Ces deux tendances ne sont pas spécifique à la chasse à l’arc, mais s’y expriment pleinement. On peut désormais,
via un réseau de « game camera » implantées en forêt et reliées aux réseaux de télécommunication, surveiller la
fréquentation d’un territoire depuis son ordinateur de bureau, ou même son téléphone portable, sans jamais se
déplacer. Le terrain étant préalablement balisé par des attracteurs chimiques, on « rentabilise » le territoire et les
équipements et on peut choisir un endroit pour son affût où la fréquentation est maximum.
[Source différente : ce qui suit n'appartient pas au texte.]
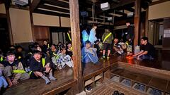 古民家にてナイトレクもとい「肝試し」です。ナイトハイクを行う前に、怪談を聞きました。馬場先生から始まった怖い話は校長先生で終わり、盛り上がりは絶好調。次はいよいよ肝試し。無事にお札を取って帰ってくることはできるのでしょうか。 道中には、引率の先生方が何人も潜んで行く手を阻みます。 ぜひ、家に帰ったら感想を聞いてあげてください。

Arrivé sur place on peut
à l’aide d’équipements divers tels qu’amplificateur de son, de lumière, et autres détecteurs anticiper la présence et
l’arrivée du gibier, évaluer la distance de tir au télémètre, puis ajuster un tir à l’aide d’un arc sophistiqué équipé d’un
viseur laser. Ces matériels existent, ils sont en vente et fonctionnent. L’argument est toujours le même : aller
toujours plus vite, gagner du temps… et augmenter le tableau au maximum. Plus besoin de parcourir le territoire,
d’apprendre à connaître « in situ » les indices de présence et les habitudes du gibier. Dans ce cas, la chasse qui
était une école de patience et de sagesse devient une « activité de consommation » « comme une autre » soumise
à exigence de rendement et d’efficacité. La chasse qui consistait à créer un rapport authentique, unique et
passionné avec la nature, dans lequel on se choisissait le moment et l’objet de son action, devient une activité
standardisé, « mécaniste » dans laquelle il faudrait encore et toujours chercher à gagner du temps, et « du résultat
», faire du chiffre, du tableau pour du tableau.
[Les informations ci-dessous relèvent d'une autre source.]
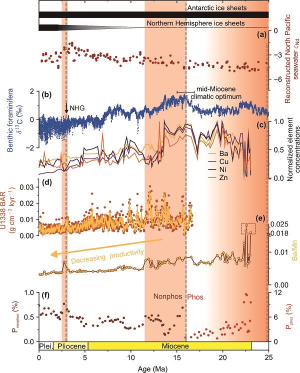 研究认为,这些高生产力事件与海洋环流格局的变化密切相关:北太平洋深水(NPDW)形成的减弱及富氧南极底层水(AABW)的加强促进了上层海洋营养盐和氧气的再分布;与此同时,南极中层水(AAIW)的增强及风尘输入的增加进一步促进了表层海洋生产力。该研究揭示了北太平洋古生产力、钡和磷的生物地球化学循环以及深层海水团环流之间的紧密耦合关系,为理解中新世以来北太平洋的海洋演化、碳循环和气候变化提供了新的地球化学证据。

Pour le chasseur du XXI e siècle : la manière doit primer sur le
résultat !
De toute évidence dans ce type de dérive, la technologie et le matériel, ne sont pas seuls en cause, c’est d’a bord le
comportement individuel puis collectif qui sont la vraie cause ; la technologie est finalement plus moyen que cause
de la dérive. Pour en arriver là, il faut que le chasseur ait préalablement renoncé, abandonné ou refusé toute règle
de comportement ou d’éthique. Accuser par principe la technologie et le matériel de tous les maux et de toutes les
dérives ou a contrario s’en remettre en permanence à la dernière nouveauté, croire qu’on peut s’améliorer «
uniquement » en améliorant le matériel sont les deux facettes d’un seul et même problème : la désertion de tout
sens des responsabilités, le renoncement éthique qui finisent par faire primer le résultat sur la manière.